_PROBLEM TO SOLVE_
Set the listing down again in full, word for word, with the pictures left out.

+++ DATASET CONTENT

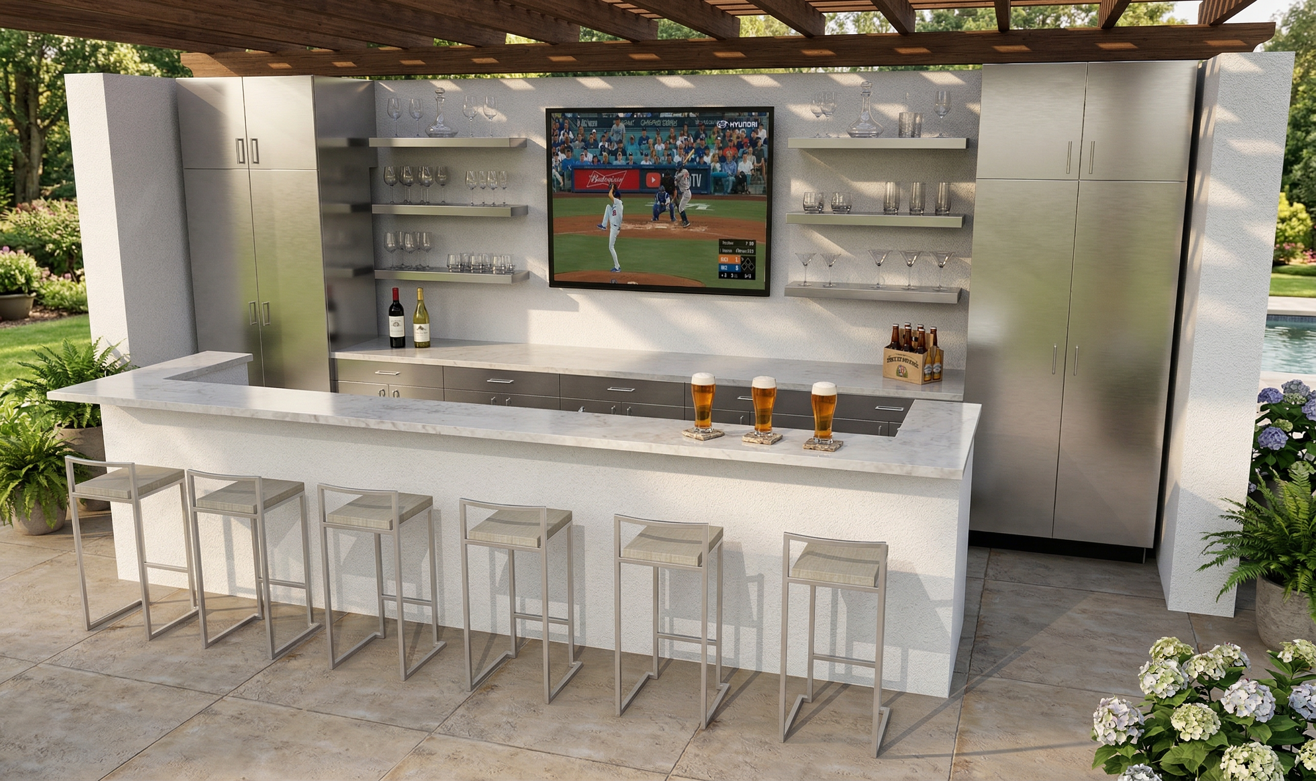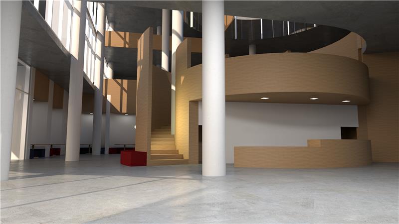 contemporary interior shot use the generated image as the base the scene is the entrance agora of a contemporary library it includes a reception desk a wooden staircase leading to the upper level a large seating area on the left with round tables and built in banquettes integrated into semi cylindrical niches at the back materials are white gypsum walls exposed concrete floor columns and ceiling and natural wood elements the fa ade is a curtain wall bringing strong natural daylight into the space the design is finalized and must remain unchanged strict instructions preserve 100 of the existing architecture geometry materials camera angle and composition do not redesign or modify any architectural elements apply only the following modifications reception desk add a computer setup on the desk add one person working at the reception keep it minimal clean and realistic seating area add multiple circular tables on the left side ensure a natural and organized layout respect and reinforce the circular design concept human presence add a few people 3 to 5 maximum natural activities sitting walking interacting waiting correct scale and perspective subtle integration lighting enhance natural daylight coming from the curtain wall bright soft and evenly distributed light slightly warm tone to complement wood materials rendering quality produce a highly realistic and professional architectural visualization clean sharp image with balanced contrast accurate material representation concrete wood glass gypsum soft shadows and natural light behavior no artistic filters or stylization important constraints do not modify the reception desk design only add elements on it do not change the staircase do not alter the banquettes in the semi cylindrical niches do not change materials do not modify layout or circulation do not overcrowd the space final priority preserve the original design exactly all additions must be minimal realistic and non destructive style photorealistic architectural render professional quality bright natural daylight clean and welcoming atmosphere architecture
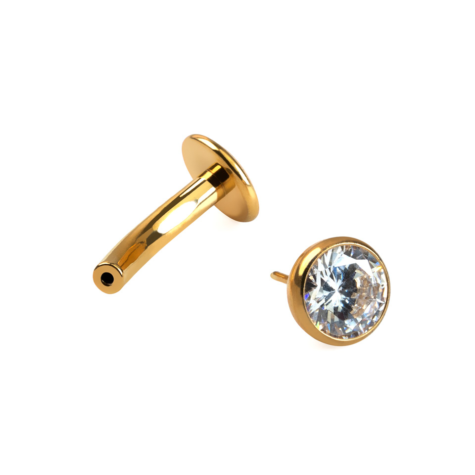 La partie supérieure, c.-à-d. celle avec la pierre sertie, et le disque plat ont un diamètre de 5 mm. Enfin, ce bijou est disponible avec deux finitions différentes, or et argent.
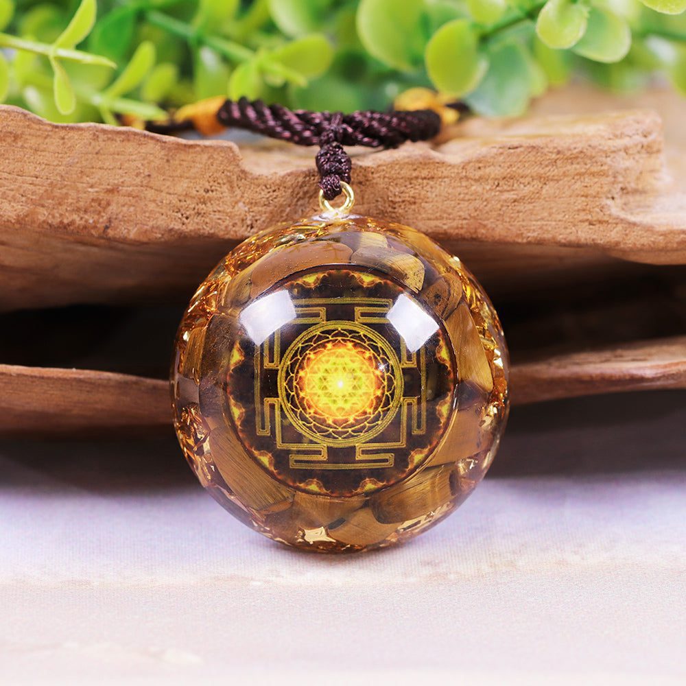 Our Sri Yantra Orgone Pendant Necklace represents the timeless creative principle of the universe. The three-dimensional form of the Sri Yantra, dating back to 3000 B.C., is a multi-pyramid grid signifying unlimited abundance and positive powers, and helps to clear negative energy.

++++++

_OUTPUT FOR THIS EXERCISE_
 contemporary interior shot use the generated image as the base the scene is the entrance agora of a contemporary library it includes a reception desk a wooden staircase leading to the upper level a large seating area on the left with round tables and built in banquettes integrated into semi cylindrical niches at the back materials are white gypsum walls exposed concrete floor columns and ceiling and natural wood elements the fa ade is a curtain wall bringing strong natural daylight into the space the design is finalized and must remain unchanged strict instructions preserve 100 of the existing architecture geometry materials camera angle and composition do not redesign or modify any architectural elements apply only the following modifications reception desk add a computer setup on the desk add one person working at the reception keep it minimal clean and realistic seating area add multiple circular tables on the left side ensure a natural and organized layout respect and reinforce the circular design concept human presence add a few people 3 to 5 maximum natural activities sitting walking interacting waiting correct scale and perspective subtle integration lighting enhance natural daylight coming from the curtain wall bright soft and evenly distributed light slightly warm tone to complement wood materials rendering quality produce a highly realistic and professional architectural visualization clean sharp image with balanced contrast accurate material representation concrete wood glass gypsum soft shadows and natural light behavior no artistic filters or stylization important constraints do not modify the reception desk design only add elements on it do not change the staircase do not alter the banquettes in the semi cylindrical niches do not change materials do not modify layout or circulation do not overcrowd the space final priority preserve the original design exactly all additions must be minimal realistic and non destructive style photorealistic architectural render professional quality bright natural daylight clean and welcoming atmosphere architecture
 La partie supérieure, c.-à-d. celle avec la pierre sertie, et le disque plat ont un diamètre de 5 mm. Enfin, ce bijou est disponible avec deux finitions différentes, or et argent.
 Our Sri Yantra Orgone Pendant Necklace represents the timeless creative principle of the universe. The three-dimensional form of the Sri Yantra, dating back to 3000 B.C., is a multi-pyramid grid signifying unlimited abundance and positive powers, and helps to clear negative energy.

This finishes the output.